Corresponding example Router config

v: 3

identity:

cert: “certs/identity.cert.pem”

server_cert: “certs/internal.chain.cert.pem”

key: “certs/internal.key.pem”

ca: “certs/intermediate-chain.pem”

edge:

csr:

country:

locality:

organization:

organizationalUnit:

sans:

dns:

  • “localhost”

ip:

  • “127.0.0.1”

  • “”

ctrl:

endpoint: tls::80

link:

dialers:

  • binding: transport

listeners:

  • binding: edge

address: tls:0.0.0.0:443

options:

advertise: :443

maxQueuedConnects: 50

maxOutstandingConnects: 100

connectTimeoutMs: 3000

  • binding: tunnel

options:

svcPollRate: 15s

resolver: udp://:53

dnsSvcIpRange: 100.64.0.1/10

lanIf: ens33

Regards,

Robert

1 Like

Awesome feedback. Your feedback was very helpful. Thanks heaps :slight_smile:

In reviewing your config files, one thing that I picked up on this is that port 80 and 443 are used instead of 6262 and 8441 etc.

My understanding is that this prevents port inference… is that correct?

I always wondered how that was configured.

Hi Markamind:

Just example placeholder ports. Replace with ports of your choosing I.e. 6262/8441 as long as they follow the same assignment pattern.

Regards,

Robert

1 Like

After a bit more playing around with this… I think I have a problem with my controller certificate.

After taking a detailed inspection of your post… all I needed to change was to make the port in the ctrl entry the same as the controller. In this case, my controller is setup to use port 6262… which in your case was port 80.

ctrl:

    endpoint: tls:controller-ip-address:6262

However… nothing is that simple for me… as I now get the following error message

“error connecting ctrl (x509: certificate is valid for 127.0.0.1, not controller-ip-address)”

I checked this out… a bit more… as on the controller… I have two public edge routers… which I setup for another learning experiment.

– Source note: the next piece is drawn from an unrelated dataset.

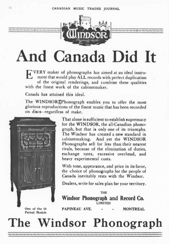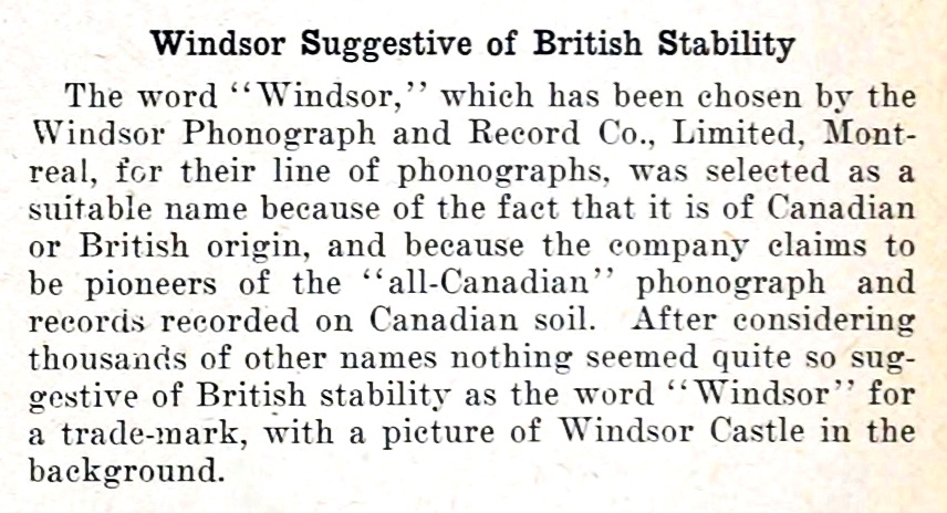 The Retail Druggist of Canada, May 1921, p. 17: "Windsor Suggestive of British Stability - The word "Windsor." which has been chosen by the Windsor Phonograph and Record Co.. Limited. Montreal, for their line of phonographs, was selected as a suitable name because of the fact that it is of Canadian or British origin, and because the company claims to be pioneers of the "all-Canadian" phonograph and records recorded on Canadian soil. After considering thousands of other names nothing seemed quite so suggestive of British stability as the word "Windsor" for a trade-mark, with a picture of Windsor Castle in the background."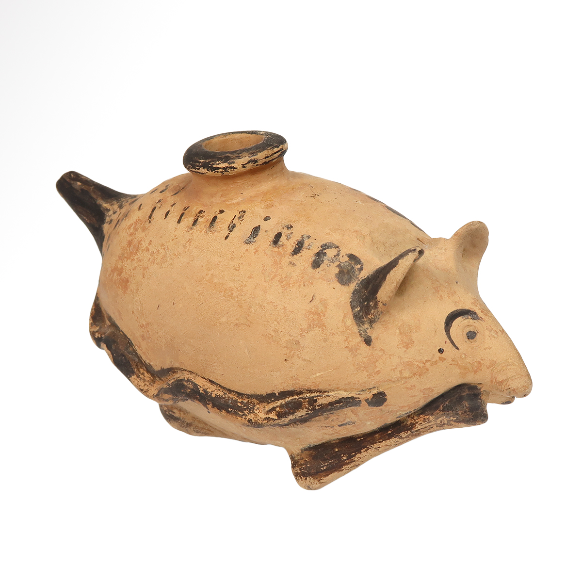 Rare Greek Pottery Figural Leg Shape Aryballos, c. 600-550 B.C.

I was able to reproduce this error when I made the same changes to the same ctrl: endpoint: in one of these public edge routers.

ctrl:
  endpoint:             tls:controller-ip-address:6262

However, if I use the following entry it works because the host name is linked to 127.0.0.1 in the host name

ctrl:
  endpoint:             tls:instance-20220416-1603:6262

Now… there is a bit of history here… as I am using an Oracle Linux machine… meaning that I needed to setup the Quickstart using IP addresses… rather than a fully qualified domain name.

When I did this… I needed to modify the CSR of the public edge router to use the IP address… and re-create the edge router identify for it all to work… unfortunately… I cannot find the comments @TheLumberjack made about this…

So… I am now thinking… that the certificate used by the controller does not have the IP address in the SAN…

To solve this… I have a dreading insight that I will need to rebuild the controller …

Does this make sense… have I correctly identified the cause of my problem?

To resolve… is there a simple way to regenerate the controller certificate?

@TheLumberjack … have you experienced this before?

I just confirmed this using the following command

openssl x509 -noout -text -in controller-ip-address

So.. any tips on how to fix this would be very helpful.. especially in how to modify the controller CSR to include the IP address in the SAN..

I know that this can be configured for edge routers.. but not sure about a controller

To investigate further… I peered into the ziti-cli-functions.sh file… as maybe I could tweak the QuickStart script to get it to do what I want.

For instance… I found this code that creates the server cert from the CA


if ! test -f "${ZITI_PKI}/${ZITI_CA_NAME_local}/keys/${name_local}-server.key"; then
    echo "Creating server cert from ca: ${ZITI_CA_NAME_local} for ${name_local}"
    "${ZITI_BIN_DIR-}/ziti" pki create server --pki-root="${ZITI_PKI_OS_SPECIFIC}" --ca-name "${ZITI_CA_NAME_local}" \
          --server-file "${name_local}-server" \
          --dns "${name_local},localhost" --ip "${ip_local}" \
          --server-name "${name_local} server certificate"
  else
    echo "Creating server cert from ca: ${ZITI_CA_NAME_local} for ${name_local}"
    echo "key exists"
  fi

 

So… then… to get what I want… maybe I need to add these extra bits to the procedure that creates the CA… which is missing the SAN details

function pki_create_ca {
  cert=$1

  echo "Creating CA: ${cert}"
  if ! test -f "${ZITI_PKI}/${cert}/keys/${cert}.key"; then
    "${ZITI_BIN_DIR}/ziti" pki create ca --pki-root="${ZITI_PKI_OS_SPECIFIC}" --ca-file="${cert}" --ca-name="${cert} Root CA"
  else
    echo "key exists"
  fi
  echo " "
}

However… I am not really sure if this is appropriate given that its the CA…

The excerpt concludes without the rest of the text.